Он нетерпеливо схватил трубку и почти исступленно крикнул в нее:
– Да-а-а!!!…
– Павел Назарович Гуйманн? – послышался в трубке приятный мужской тенор.
– Совершенно верно! – сразу на несколько октав понизив тембр взбунтовавшегося собственного голоса, подтвердил Гуйманн, в радостном предвкушении затаив дыхание.
– Мы внимательнейшим образом ознакомились с вашим «личным мнением», отправленным вами по, известному вам, адресу, примерно, месяц назад, и пришли к выводу, что ваше беспокойство по поднятому вопросу вполне обоснованно, даже очень серьезно обоснованно и нам вместе с вами необходимо срочно предпринять немедленные меры, невзирая на предпраздничный день! Тем более, что ваше «личное мнение» оказалось, как нельзя, кстати в связи с расследованием, которые в нашем городе негласно уже давно проводят сотрудники центрального аппарата ФСБ Российской Федерации! Так что вы, Павел Назарович, сами того не ведая, оказали огромную услугу нашему государству – священному делу укрепления его безопасности! … – и невидимый абонент закончил разговор, повесив трубку и оставив Павла Назаровича в состоянии полной психологической растерянности.
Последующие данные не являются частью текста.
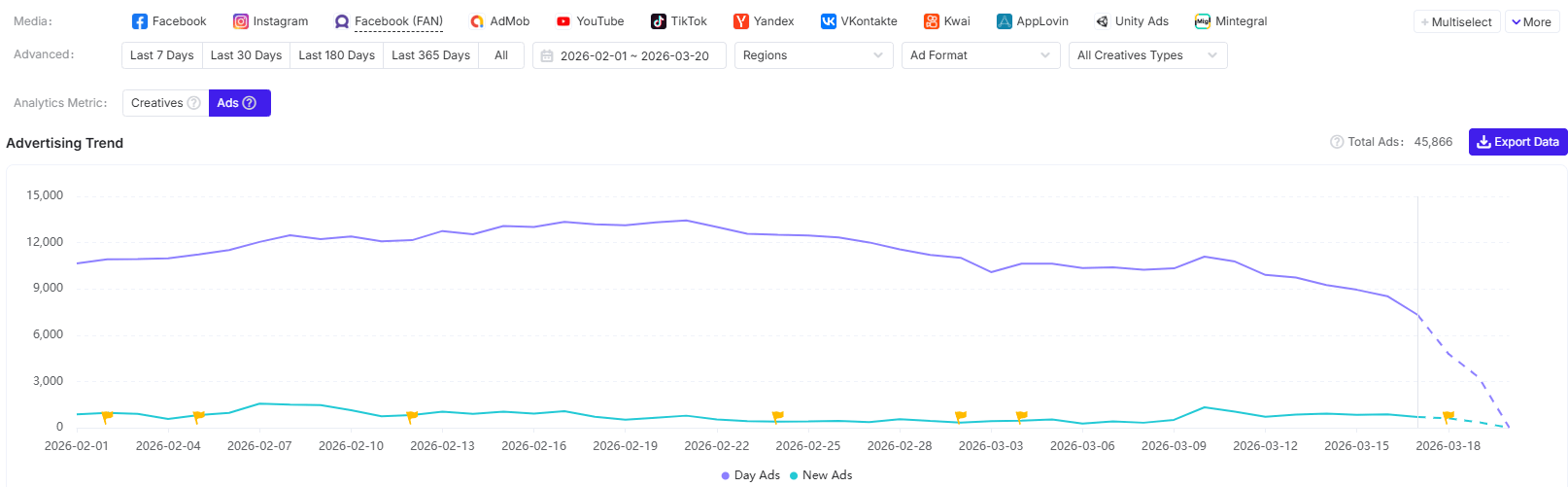 According to AppGrowing, Tasty Travels launched a total of 45,866 ads across 87 regions and 16 media platforms from February 1, 2026, to March 20, 2026.

– Спохватились! – раздраженно воскликнул декан философского факультета, зло глядя на телефон. – Где вы раньше – то были?! – и с горечью подумал о том, как бы он рад был этому звонку, если бы он состоялся всего какой-нибудь месяц назад, когда Владимир Николаевич Бобров был в своем уме и полной «научной» силе, и, вот, тогда-то и можно было бы испытать огромное моральное удовлетворение настоящего победителя, сокрушившего до самого основания опасного противника!
А сейчас ему придется «сплясать» на «прахе» или там – на «костях» идейного врага, неважно, но, в любом случае, Павлу Назаровичу придется «воленс-ноленс» «пинать лежачего», чего он делать не любил, при всей той огромной степени неприязни, которую интуитивно испытывал к Боброву.
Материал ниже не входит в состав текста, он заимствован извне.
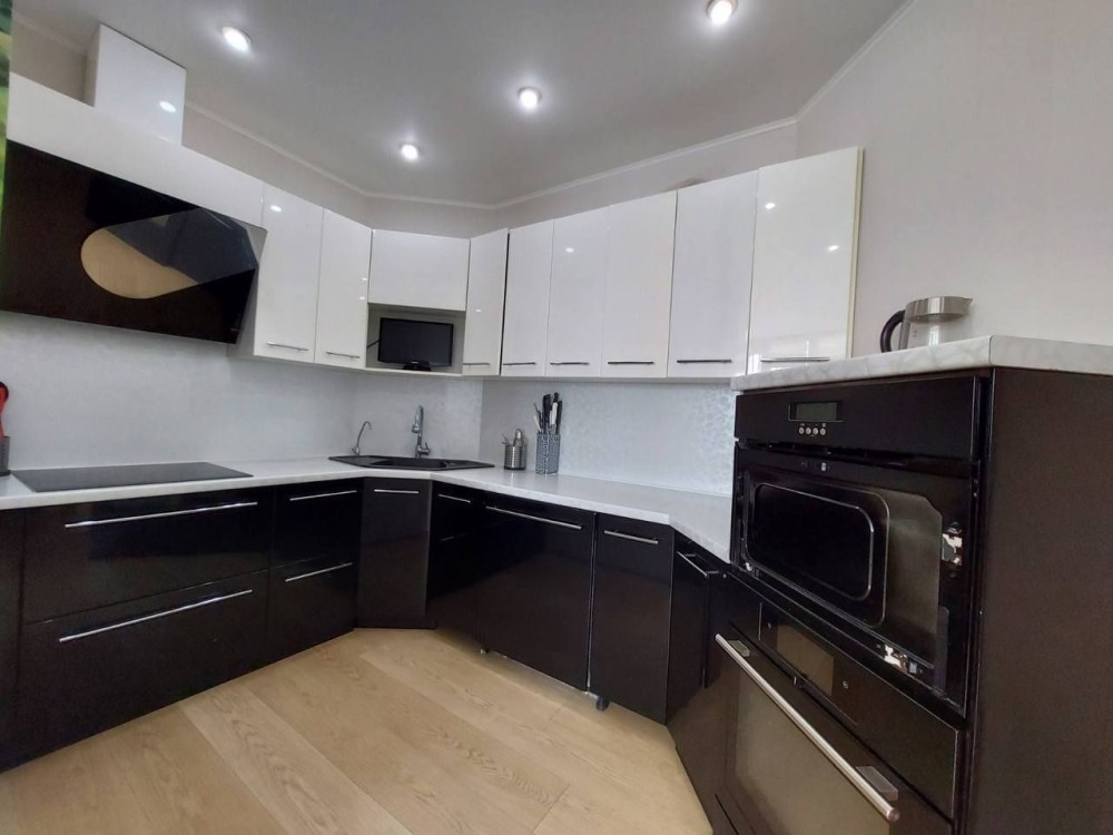 (Укомплектована побутовою технікою: холодильник, пральна машинка, посудомийка, варильна поверхня, духова шафа, мікрохвильовка, фільтри для води, бойлер, 3 кондиціонери.)

– Еб… я жизнь наша!!! – с горечью, в невольном душевном порыве воскликнул Павел Назарович, поймав себя на мысли, что ему впервые в жизни захотелось до «умопомрачения» напиться холодного свежего «жигулевского» пива – выхлебать немеряное количество галлонов этого пенистого забористо-расслабляющего напитка, столь популярного и любимого студентами-пятикурсниками, вверенного ему факультета…
Малышев и Богатуров с большим аппетитом приканчивали сочную свиную поджарку, перемешанную тушеной картошкой, морковкой и луком, когда к их столику, держа полный разнос на вытянутых руках, неожиданно подошел кандидат философских наук, Владимир Николаевич Бобров.
– Можно к вам подсесть? – с немного виноватой улыбкой несмело поинтересовался он у двух друзей.
– О чем может быть речь, Владимир Николаевич!!! – радостно воскликнули в унисон оба студента. – Извините – мы не заметили, как вы в столовую вошли! Увлеклись, понимаете, беседой на предновогоднюю тему!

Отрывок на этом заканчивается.